The result should be every line in the data below that carries the string "Kedron".

● **ENTRIES SHOWN**
+++++

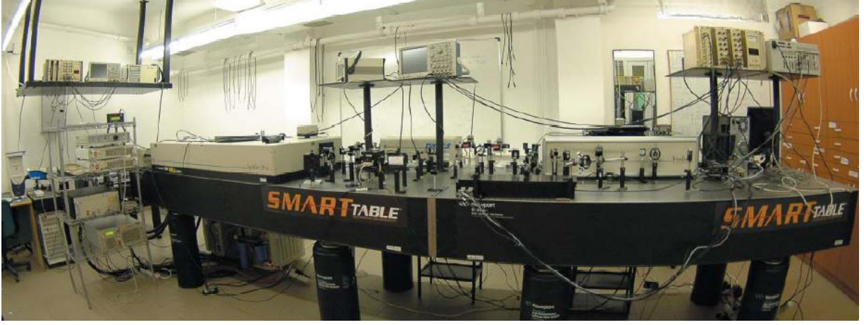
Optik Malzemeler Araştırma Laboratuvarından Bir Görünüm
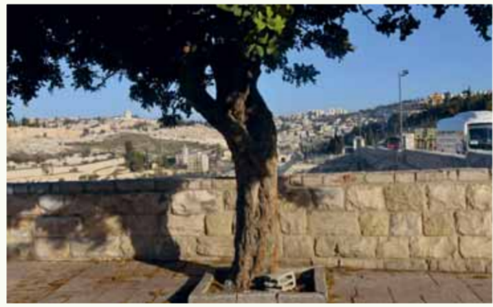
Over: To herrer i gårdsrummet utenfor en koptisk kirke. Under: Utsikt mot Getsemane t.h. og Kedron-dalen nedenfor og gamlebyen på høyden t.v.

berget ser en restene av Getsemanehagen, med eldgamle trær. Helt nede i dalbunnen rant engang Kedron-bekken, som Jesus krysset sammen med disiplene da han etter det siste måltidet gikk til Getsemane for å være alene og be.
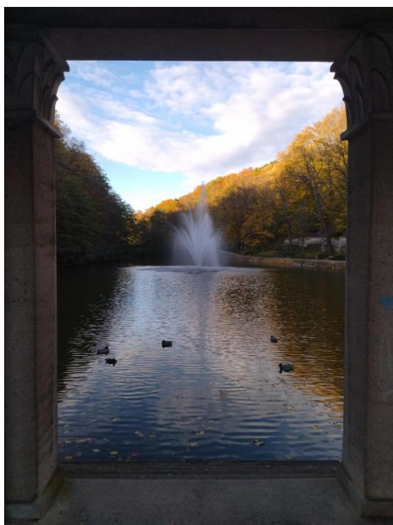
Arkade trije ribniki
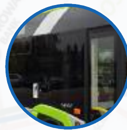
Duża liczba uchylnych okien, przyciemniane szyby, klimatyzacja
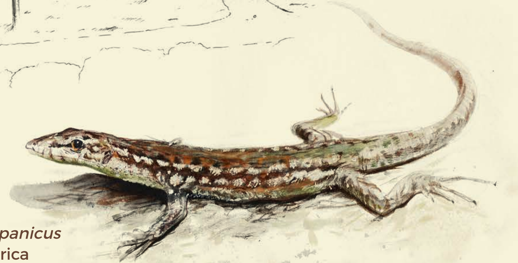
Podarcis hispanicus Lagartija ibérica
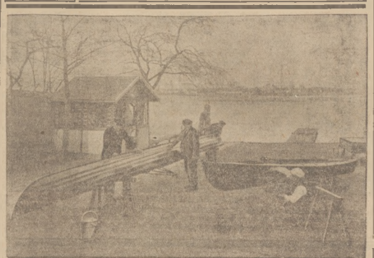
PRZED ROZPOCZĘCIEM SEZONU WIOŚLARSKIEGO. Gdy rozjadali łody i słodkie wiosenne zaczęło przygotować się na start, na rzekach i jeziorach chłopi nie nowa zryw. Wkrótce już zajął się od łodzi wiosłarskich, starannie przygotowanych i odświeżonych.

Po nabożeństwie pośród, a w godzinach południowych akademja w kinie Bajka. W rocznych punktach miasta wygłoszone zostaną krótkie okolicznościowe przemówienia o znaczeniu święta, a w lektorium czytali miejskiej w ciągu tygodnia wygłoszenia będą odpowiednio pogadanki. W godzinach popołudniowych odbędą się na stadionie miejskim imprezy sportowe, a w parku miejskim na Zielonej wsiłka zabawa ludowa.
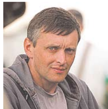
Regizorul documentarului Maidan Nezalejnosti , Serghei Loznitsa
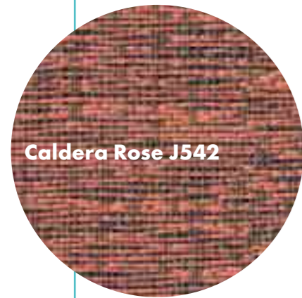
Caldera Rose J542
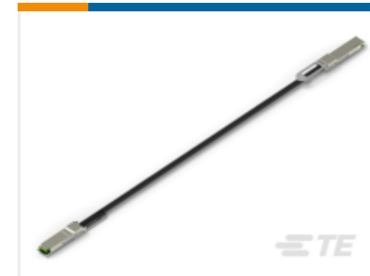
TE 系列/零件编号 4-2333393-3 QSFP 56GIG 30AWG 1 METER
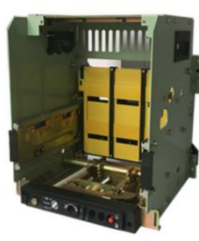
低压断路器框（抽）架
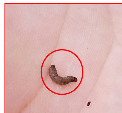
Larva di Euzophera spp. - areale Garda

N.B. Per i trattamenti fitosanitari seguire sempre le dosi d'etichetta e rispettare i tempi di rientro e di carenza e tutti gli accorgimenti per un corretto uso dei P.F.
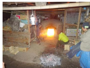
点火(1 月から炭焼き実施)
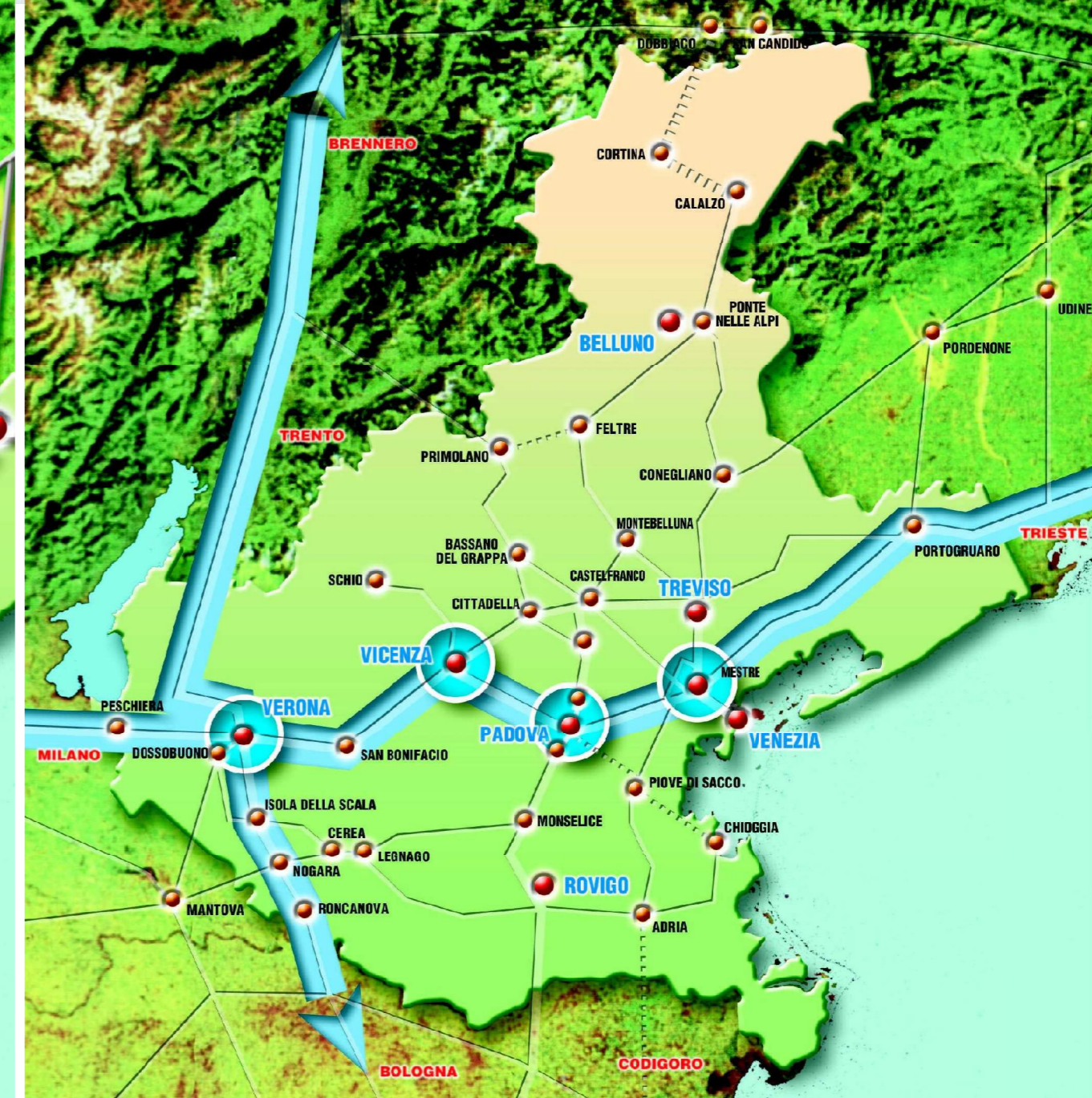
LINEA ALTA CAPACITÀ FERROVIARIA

+++++

● **RESULT BELOW**
Over: To herrer i gårdsrummet utenfor en koptisk kirke. Under: Utsikt mot Getsemane t.h. og Kedron-dalen nedenfor og gamlebyen på høyden t.v.
berget ser en restene av Getsemanehagen, med eldgamle trær. Helt nede i dalbunnen rant engang Kedron-bekken, som Jesus krysset sammen med disiplene da han etter det siste måltidet gikk til Getsemane for å være alene og be.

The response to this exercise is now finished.